YOUR OBJECTIVE —
Take the lines in the listing below from the line with "Tủ nhựa ghép- Tủ" up to and including the line with "A pedicled flap" and set them down exactly, skipping pictures and adding nothing.

MATERIAL FOR THE TASK —

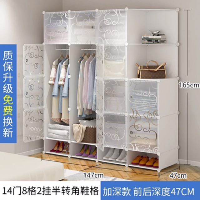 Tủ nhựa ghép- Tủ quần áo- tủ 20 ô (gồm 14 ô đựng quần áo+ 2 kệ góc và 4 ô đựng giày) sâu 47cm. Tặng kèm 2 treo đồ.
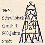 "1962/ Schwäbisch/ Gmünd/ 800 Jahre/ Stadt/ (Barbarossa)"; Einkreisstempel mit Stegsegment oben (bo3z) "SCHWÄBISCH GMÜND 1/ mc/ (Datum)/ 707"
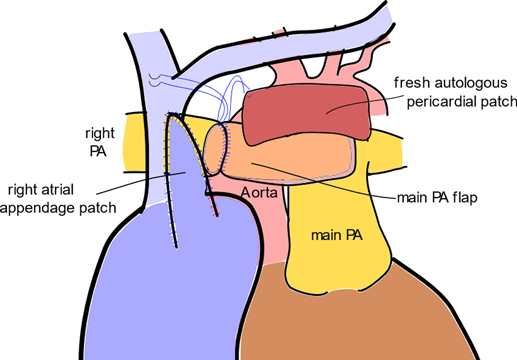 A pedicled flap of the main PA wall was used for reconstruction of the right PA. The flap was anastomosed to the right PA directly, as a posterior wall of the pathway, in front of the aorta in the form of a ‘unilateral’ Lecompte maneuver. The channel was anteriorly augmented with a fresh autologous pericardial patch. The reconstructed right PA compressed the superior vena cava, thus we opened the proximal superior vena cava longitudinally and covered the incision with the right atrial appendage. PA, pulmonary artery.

...

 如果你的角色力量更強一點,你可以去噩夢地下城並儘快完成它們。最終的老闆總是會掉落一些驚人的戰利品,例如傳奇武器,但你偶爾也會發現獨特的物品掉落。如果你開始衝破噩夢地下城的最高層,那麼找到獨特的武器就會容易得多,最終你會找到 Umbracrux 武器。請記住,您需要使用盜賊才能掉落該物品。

EXERCISE ANSWER —
 Tủ nhựa ghép- Tủ quần áo- tủ 20 ô (gồm 14 ô đựng quần áo+ 2 kệ góc và 4 ô đựng giày) sâu 47cm. Tặng kèm 2 treo đồ.
 "1962/ Schwäbisch/ Gmünd/ 800 Jahre/ Stadt/ (Barbarossa)"; Einkreisstempel mit Stegsegment oben (bo3z) "SCHWÄBISCH GMÜND 1/ mc/ (Datum)/ 707"
 A pedicled flap of the main PA wall was used for reconstruction of the right PA. The flap was anastomosed to the right PA directly, as a posterior wall of the pathway, in front of the aorta in the form of a ‘unilateral’ Lecompte maneuver. The channel was anteriorly augmented with a fresh autologous pericardial patch. The reconstructed right PA compressed the superior vena cava, thus we opened the proximal superior vena cava longitudinally and covered the incision with the right atrial appendage. PA, pulmonary artery.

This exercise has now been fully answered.